* _EXERCISE DETAILS_
Would you give the listing again exactly as written, minus its pictures?

* _DATASET SECTION_
====================
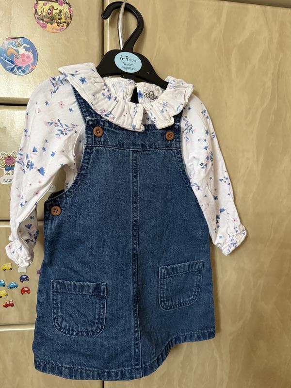 Неймовірно красивий набір: джинсовий сарафан та боді в ідеальному стані. Розмір 6-9 місяців. Довжина сарафана 35 см. Максимальна довжина 44 см. Ширина 25 см.
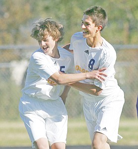 Midfielder Juan Rios, right, gets congrats from Johnny Davidson for scoring in the first half vs. Polson 10-4-12.
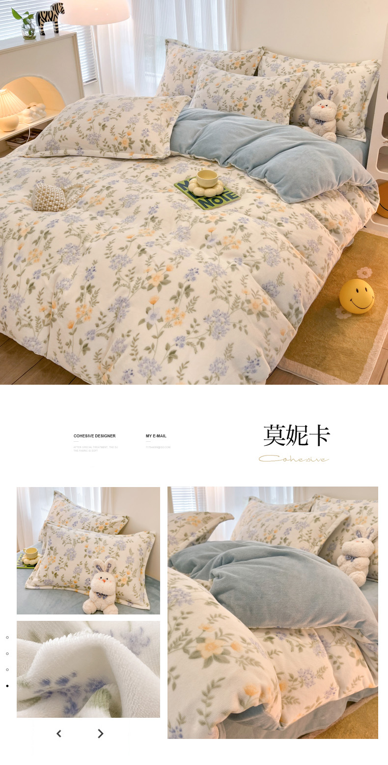 (总)倾慕家纺 2025新款卡通毛巾绣加厚保暖牛奶绒四件套,爱心女孩,咖啡小狗,猫咪熊兔,迷你小车,圣诞树熊,音乐企鹅
====================
* _THE ANSWER_
 Неймовірно красивий набір: джинсовий сарафан та боді в ідеальному стані. Розмір 6-9 місяців. Довжина сарафана 35 см. Максимальна довжина 44 см. Ширина 25 см.
 Midfielder Juan Rios, right, gets congrats from Johnny Davidson for scoring in the first half vs. Polson 10-4-12.
 (总)倾慕家纺 2025新款卡通毛巾绣加厚保暖牛奶绒四件套,爱心女孩,咖啡小狗,猫咪熊兔,迷你小车,圣诞树熊,音乐企鹅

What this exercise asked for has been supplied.